THREATENED crisis ZONE IN EUROPE 2010
Frankfurt, SUNDAY
Economic conditions in the euro zone in 2010 was threatened debt crisis. The signs of this danger was sounded and the government plans to control the debt swollen.
Government loans are a major user countries with 16 currencies that the euro against the crisis last year. The level of debt was almost past the restrictions applied by the European Union according to the stability and growth pact.
Based on reports from the European Union published in the week (3 / 1), increased budget deficits and low growth that supports the increasing public debt. The average public debt could reach 48 percent of gross domestic product (GDP) in 2010. That number means an increase of 18 percent in 2007, while the public debt limit under the treaty amounted to 60 percent.
Ranking fell
Public debt ratings also caused a decrease in Greece by three international rating agencies.
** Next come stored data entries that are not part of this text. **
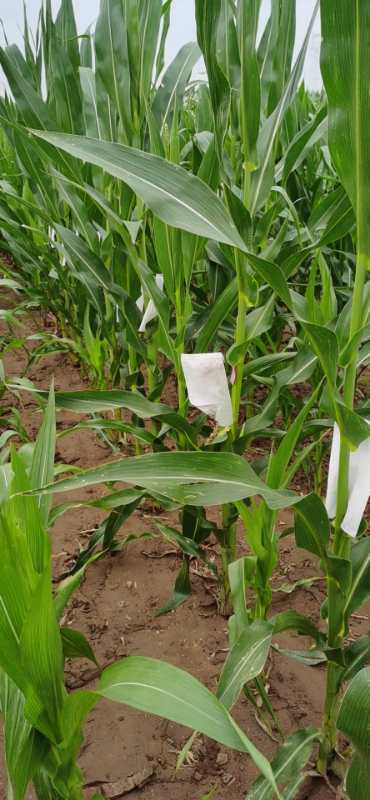 病虫害防治:通过以施化肥、植物生长调节剂、农药等相混合的方式,起到防虫治病,抗衰老防早衰的作用。除了前期两次针对玉米红蜘蛛、玉米螟、锈病等广发性病虫害的统防统治,授粉结实期还要结合不同组合、不同田间情况,及时进行有针对性的病虫害防治。一般情况下喷施农药要错过授粉高峰期,避免药液与母本花丝和父本雄穗直接接触造成伤害,从而影响授粉结实。
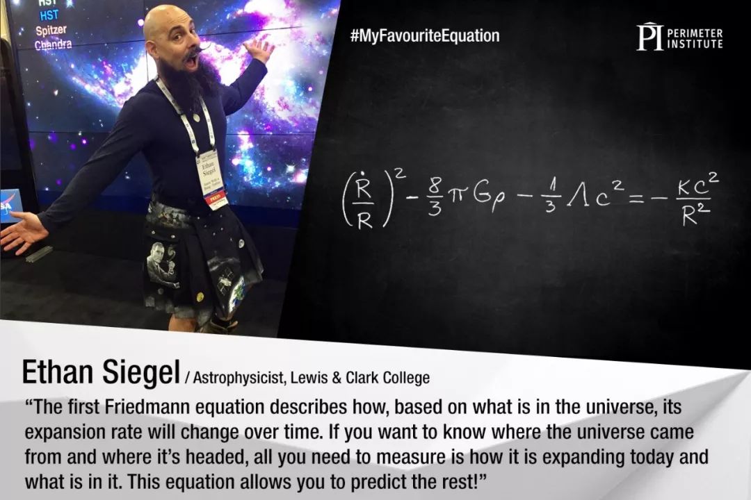 上周,在加拿大圆周理论物理研究所的一次活动中,邀请了14位科学家选出他们心中最喜爱的公式。不难想象,许多人都选了那些著名的基本方程组,包括万有引力定律、麦克斯韦方程、薛定谔方程等等。其中天体物理学家Ethan Siegel选出来的这个方程对宇宙学研究极其重要,却并不那么广为人知,它就是第一个弗里德曼方程,是在特定条件下从爱因斯坦的广义相对论中推导而得的。
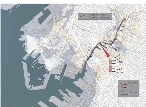 研究人员在戈瓦纳斯运河的14个地点采集了样品 图片来源于论文这一切都因为在运河诡异、沉默的墨绿色河水之下,其河床中已积累了近一个半世纪的污染物。早在19世纪,就有报道称,运河底部有一层厚厚的“黑色蛋黄酱”淤泥。美国纽约大学的计算生物学家伊丽莎白·赫纳夫(Elizabeth Hénaff)表示,这些污染性的沉积物已经堆积了3米~6米厚。它们由运河中原始的沉积物、逾150年的工业废料、周边地表径流流入,以及混合污水溢流(CSO)和涌入河道的潮汐共同塑造。
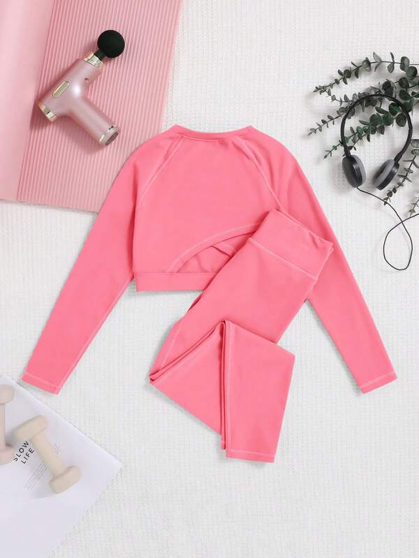 SHEIN Teen Girls' Hollow Out Back Round Neck Drop Shoulder Sleeve T-Shirt And Long Pants Sports Set
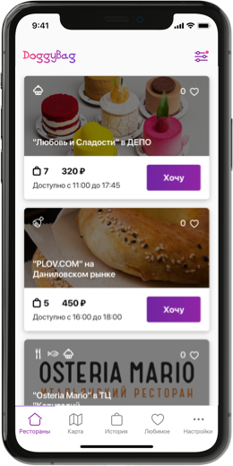 В таких случаях проданную позицию заменяют, и до прихода пользователя приложения такая замена может произойти несколько раз. Получается, что любой посетитель кафе, ресторанов и магазинов, представленных в DoggyBag, может купить их продукцию до прихода гостя, забронировавшего набор, но без большой скидки, предусмотренной концепцией.
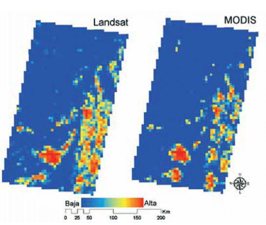 | Figura 9. | Detección del patrón espacial de las cicatrices de área quemada para NBR (Landsat) y para MCD45A1 (MODIS). En la grilla utilizada para la validación se calculó la densidad de superficie quemada por grilla (2.5 x 2.5 km) para 2010. Ejemplo de sitio piloto de validación en la Amazonía (ver Fig. 1). |
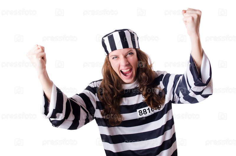 Осужденный преступник в полосатой форме

Because debt downgrade also occurs on the French and Spanish.
Germany is known as the state of discipline in maintaining fiscal stability will increase public debt to 78 percent of GDP this year. While France, the country with the second largest economy in the eurozone, public debt reached a record of 75.8 percent of GDP in the third quarter of 2008. Greece says that public debt will reach 120 percent of GDP in 2010.
This increase in debt is a consequence of the borrowing countries when facing crises. With the level and still weak economic growth in 2010, officials can not rely on tax increases to help pay for these debts.
"The economic crisis that sustainability burden public finances and potential growth", said European Union Commission has been warned by economists that there remains the possibility of recession this year. Public finances will be more severe due to an aging population that requires higher health costs in the future.
However, fiscal tightening as promised by some governments may hamper economic growth if the officials had acted too quickly.